Other contractors excavated tank holes and laid the underground plumbing. They set the storage tank where Boettcher indicated, close to the location for the filter array and an exterior wall. On the other side of the wall was a 5,000-pound generator bolted to the concrete foundation.

An inspector told the contractor that the generator needed three feet of clearance around it. He would have to move the wall. “That put it right on top of the storage tank,” says Boettcher. “His crew demolished the wall, ripped out the storage tank, rebuilt the wall, and moved the tank to its present location beside the footpath.”

Boettcher chose a central point under the home’s crawl space for the sump basin. “It was probably the nicest crawl space I’ve ever worked in,” he says. “The floor was concrete and I had four feet of headroom.”

The contractor had poured the floor around the excavation. To reach it and bring in supplies, Boettcher’s team used creepers to roll under the house. They padded the hole with 12 inches of gravel to raise the 48-inch-high by 36-inch-diameter basin to elevation, plumbed it, and backfilled with more gravel.

The skid-mounted 5- by 3-foot filter array arrived already plumbed. The disinfection system and electrical components came mounted on a 4-foot-square panel that attached to the wall.
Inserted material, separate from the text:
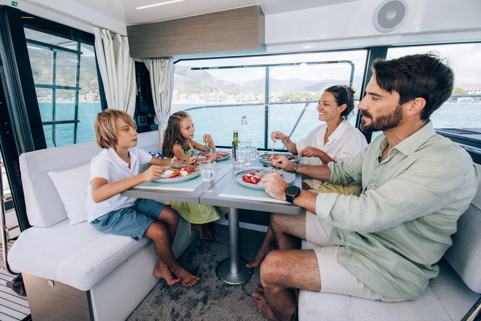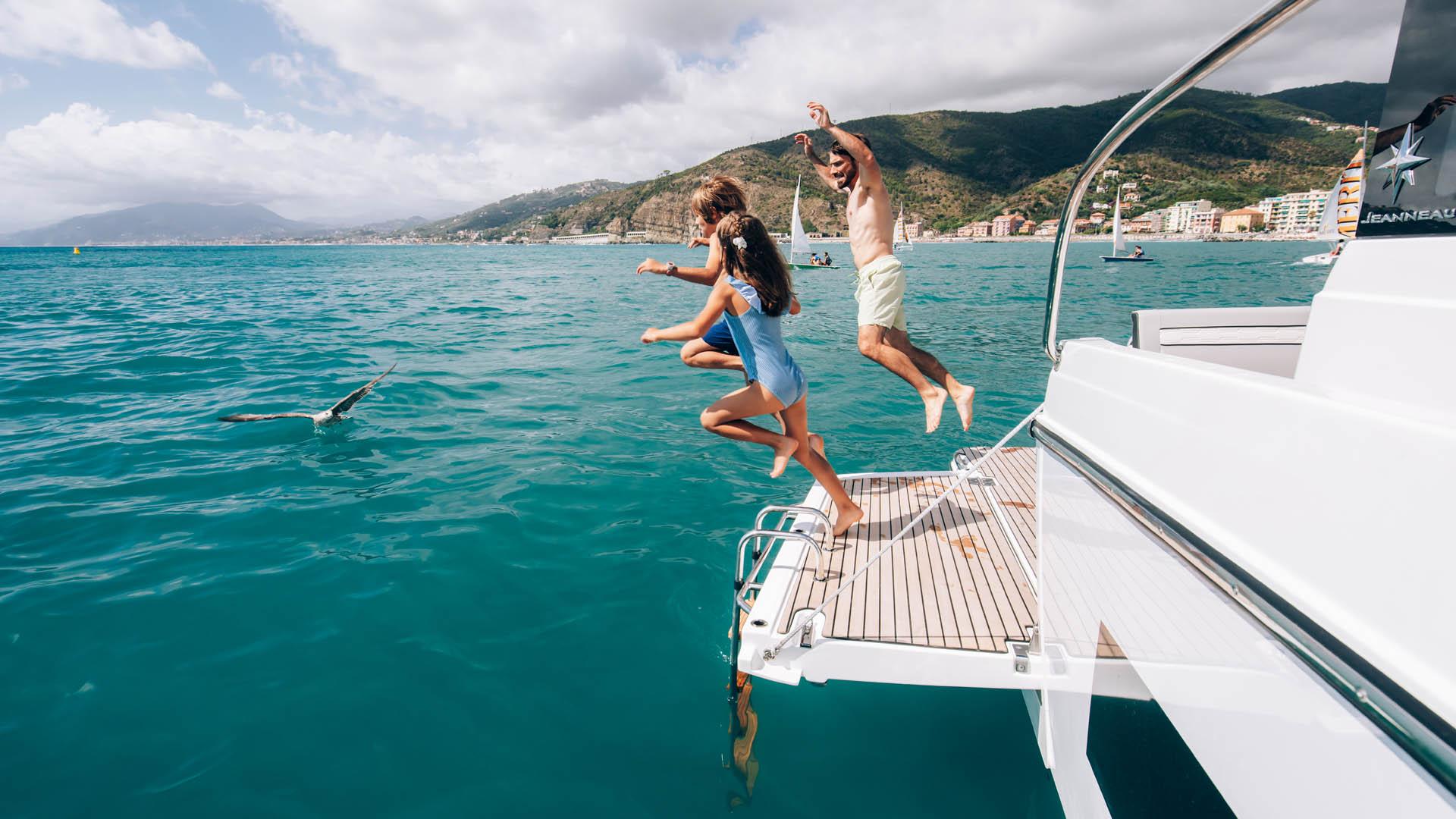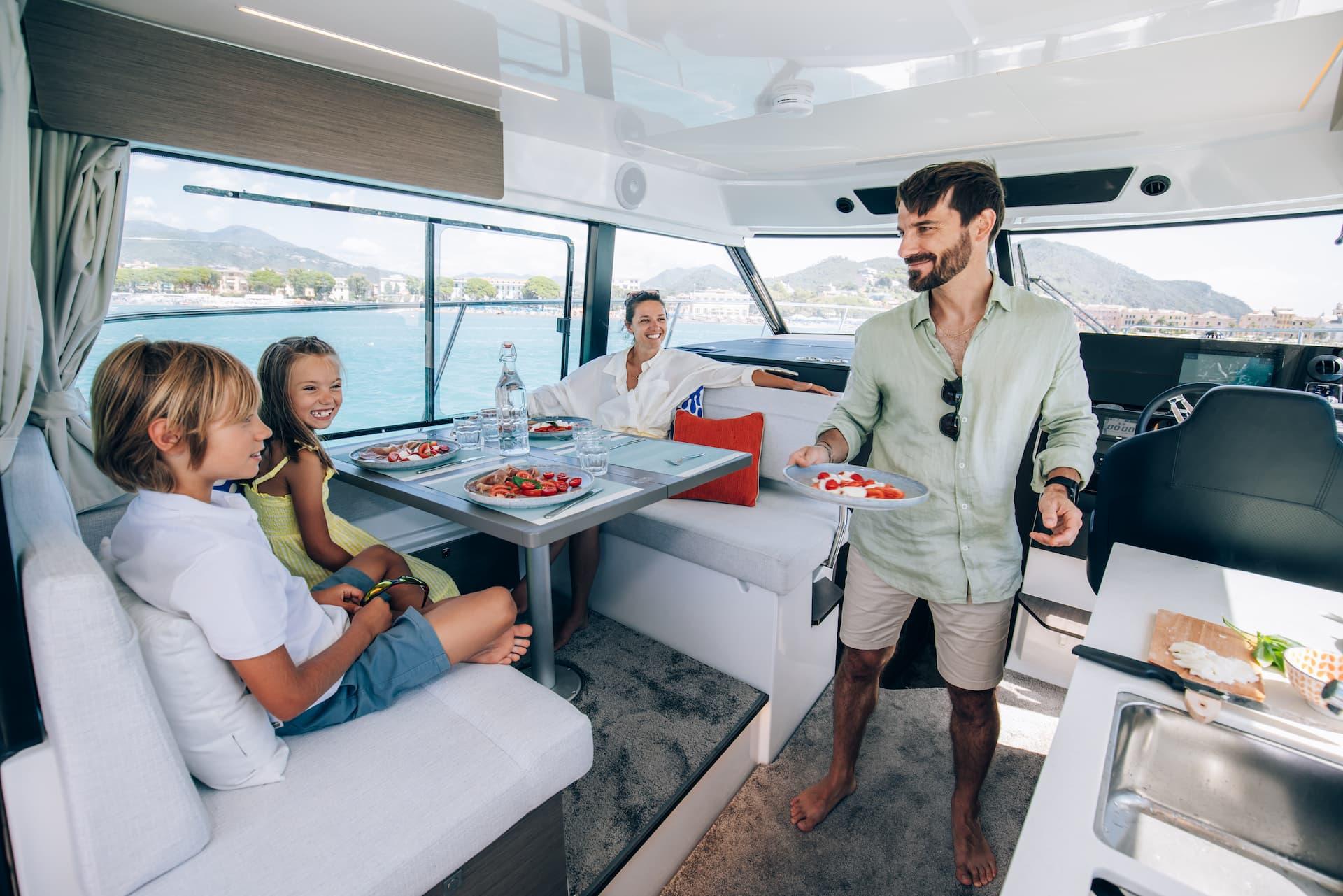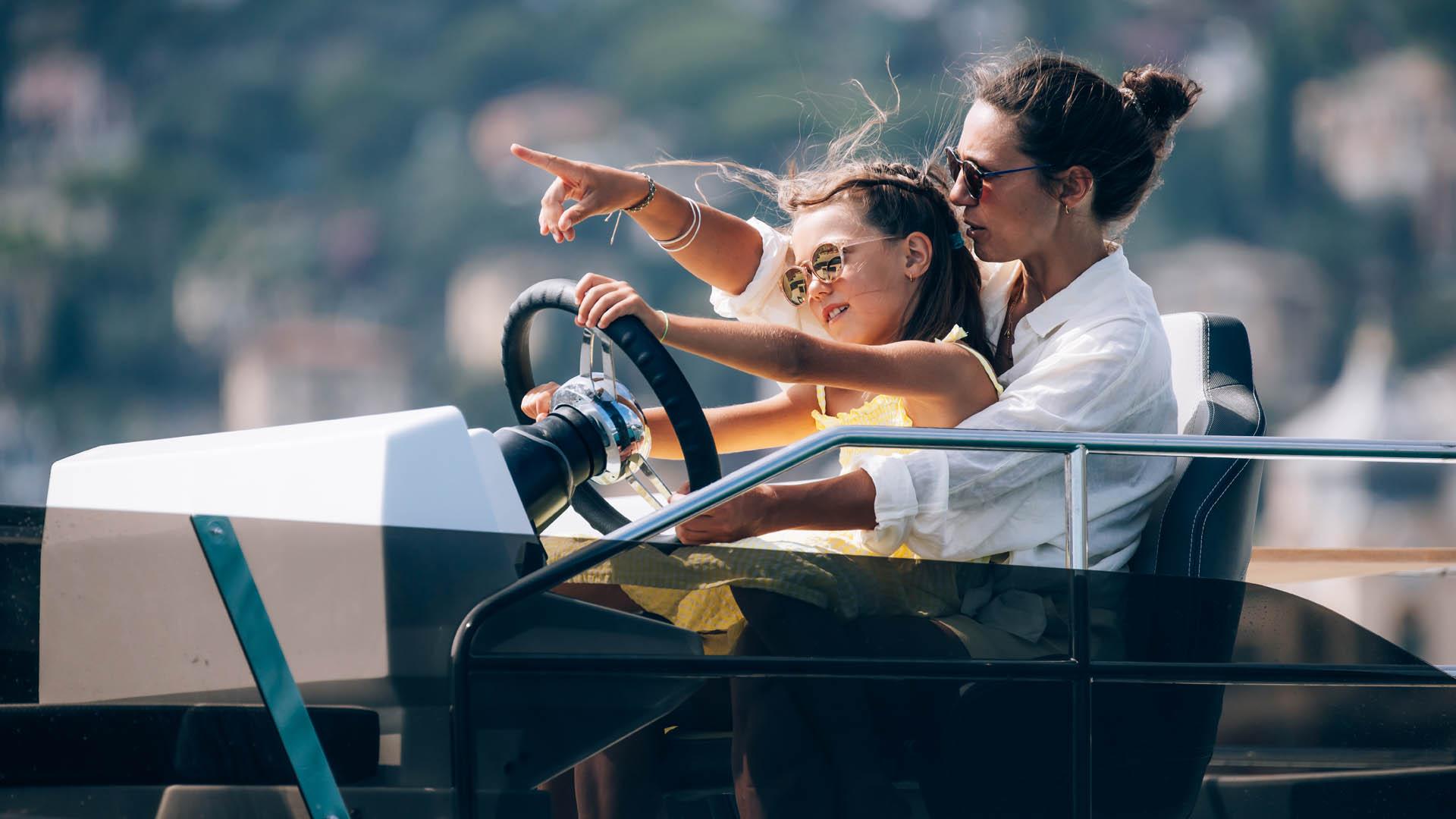 Aft, a large, 1.75-metre terrace can be deployed at anchor, creating a spacious platform on the water, providing access for swimming with family and friends.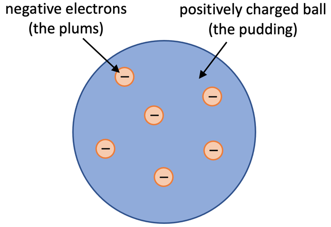 Thirdly, we have JJ Thomson and in 1897 he discovered the electron which is the negatively charged sub-atomic particle. He demonstrated that atoms were not indivisible but are made of smaller negatively charged particles. He conducted experiments with cathode rays to show these smaller sub-atomic particles, and they were much lighter than any other atom in the world. His experiment used cathode rays, a beam of light in a vacuum tube caused by high voltage. By observing the cathode rays deflect towards a positive electric plate and away from a negative one, Thomson concluded they consisted of negatively charged particles. Based on his discovery, Thomson proposed the plum pudding model, where negatively charged electrons are inside a sphere of positive charge. And his model is named after plum pudding because it looked like one, the electrons were the plums inside, and the pudding itself is the positively charged sphere. And this is how it looked:

“We spent a day installing the plug-and-play units,” says Boettcher. “It would have gone quicker, but just before our arrival the landscapers planted a tree where we wanted to set the filters.”

The team moved the array beside the footpath and next to the storage tank. They also connected the irrigation lines to the delivery pump via a cleanout. The system fit in an 8- by 10-foot footprint. To prevent sunlight from deteriorating the fiberglass filter tanks and Schedule 40 PVC pipes, workers covered them with UV-protective paint that matched the color of the wall.

 

Maintenance

The system has a one-year maintenance agreement. Boettcher visited the site weekly during startup to gauge water flow, then returned every three weeks to test the water, check the pressure on the filters, and backflush them when necessary.